- Try it: Without pictures, return the lines from the one containing "飫肥城大手門の脇に「おび天」" through the last line of the data below, exactly.

- Supplied information:
=== Begin Enclosure ===

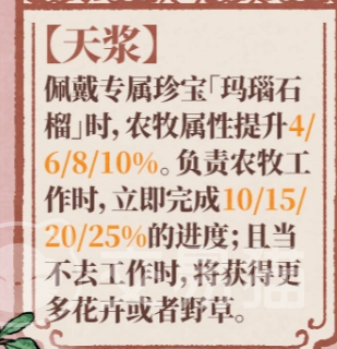 另一关键技能「天浆」需配合专属珍宝「玛瑙石榴」激活。装备后,不仅直接提升角色农牧属性,更可在任务启动瞬间完成部分进度——满级状态下可即时达成25%的工作量。尤为特别的是,当「福至」触发偏离行为时,其采集所得的花卉与野草数量将同步增加,形成一套自洽的补偿逻辑,使“不工作”亦具备策略价值。
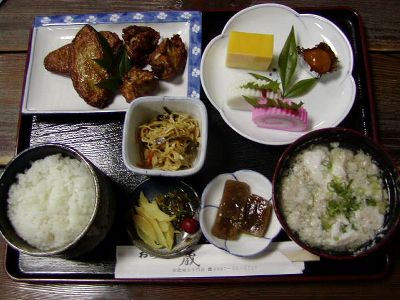飫肥城大手門の脇に「おび天」(飫肥のさつま揚げ)を出す店があったので入る。味噌汁はこれも飫肥名物「かに巻汁」、そして飫肥名物の厚焼き玉子も付いた「おび天定食」。結論:名物にうまいものなし!(というか観光地の食堂に、だな。)
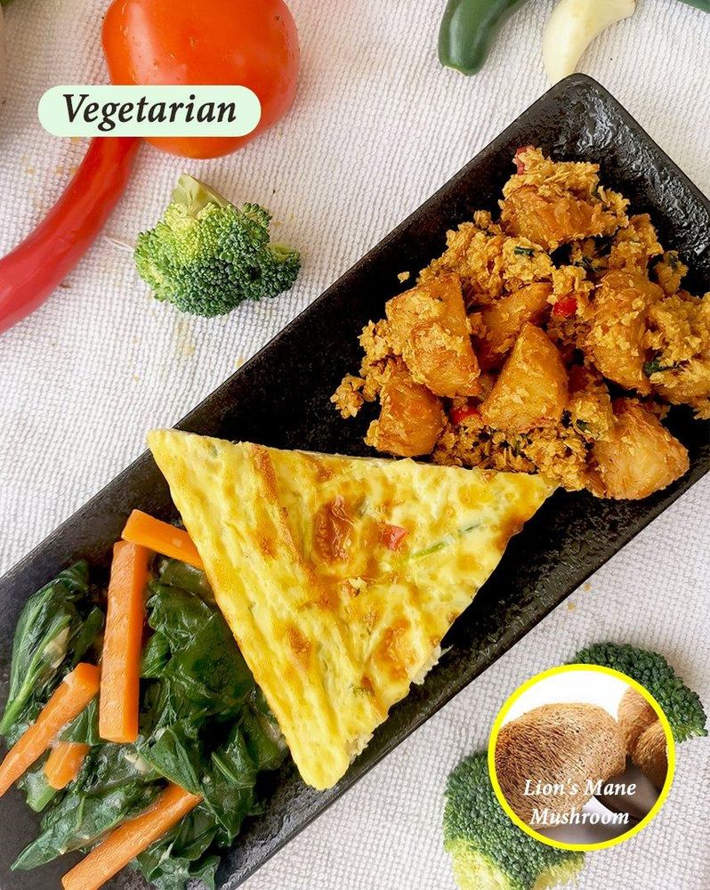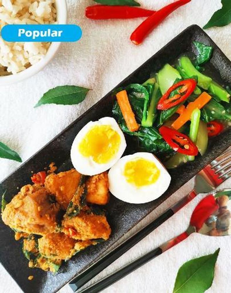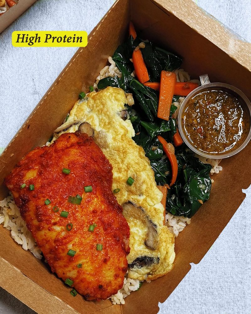 This curry leaf butter chicken rice with its aroma of curry leaves is appetizing, yet healthy. It comes with Japanese silky toufu, fried eggs, cherry tomatoes and brown rice, which makes it a perfect lunch or dinner for you!
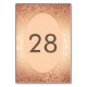 Carte de numéro de table mariage moderne fleurie or et pêche

=== End Enclosure ===

- Task output:
飫肥城大手門の脇に「おび天」(飫肥のさつま揚げ)を出す店があったので入る。味噌汁はこれも飫肥名物「かに巻汁」、そして飫肥名物の厚焼き玉子も付いた「おび天定食」。結論:名物にうまいものなし!(というか観光地の食堂に、だな。)
 This curry leaf butter chicken rice with its aroma of curry leaves is appetizing, yet healthy. It comes with Japanese silky toufu, fried eggs, cherry tomatoes and brown rice, which makes it a perfect lunch or dinner for you!
 Carte de numéro de table mariage moderne fleurie or et pêche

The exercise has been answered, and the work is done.